The Biggest Hunger Hack brought together 60 young innovators who proposed improvements to the blueprint using ideas linked to food redistribution, transparency, digital donations and data management.
Six months later, those ideas have moved from concept to implementation.
The winning solution, a prototype app that rescues surplus produce from farms and redirects it to food-insecure families, is being implemented with FoodForward SA.
The partnership has unlocked five tonnes of surplus food daily and significantly reduced produce costs for Add Hope’s beneficiary organisations.
A total of 10 new corporate partners have teamed up with Add Hope, and the programme has been integrated into digital delivery platforms.
Ongoing engagement with the Department of Social Development is exploring a national hunger heat map to better target interventions.
“Child hunger cannot be solved by one brand alone,” says Nel.

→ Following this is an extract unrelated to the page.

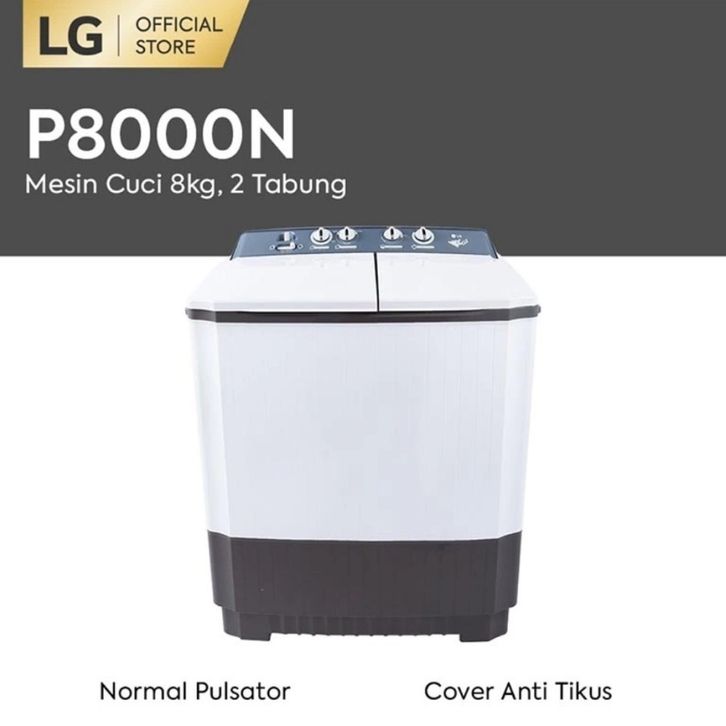PROMO Mesin Cuci 2 Tabung LG P 8000 N / P8000N Kapasitas 8 Kg ORIGINAL

“By opening up the Add Hope system, we’ve shown that transparency and collaboration can unlock innovation, efficiency and scale.”
The context is urgent. Recent research reveals South Africa’s hunger crisis is deepening:
“These aren’t just statistics,” says Nel.
“They’re communities trapped in cycles of poverty. Families are making impossible choices about how to spend the little they have. Children who can’t concentrate in school.”
Add Hope has operated for 17 years, building one of South Africa’s most effective child-feeding systems through customers’ R2 donations, KFC contributions, NGO partners and over 3,000 feeding centres nationwide.
But the challenge is too large for any single organisation.
By releasing the Add Hope blueprint, KFC shifted the conversation from charity to shared infrastructure: a transparent platform that partners, innovators and stakeholders can help improve and scale.
This approach directly supports South Africa’s national priority to end child stunting by 2030, a commitment highlighted by President Cyril Ramaphosa in his 2026 State of the Nation Address.
As child stunting rises and food insecurity deepens, Add Hope’s open, collaborative model shows how brands, partners and communities can help turn that national goal into practical, scalable action.
“The Biggest Hunger Hack proved that when you trust young people with real problems and give them real systems to work with, they deliver real solutions,” says Nel.
“The impact our new partnerships have had in just seven months is beyond our wildest dreams, and this is just the start.”
“We are showing in real time how much more can be achieved when motivated individuals and organisations doing great work combine their efforts.”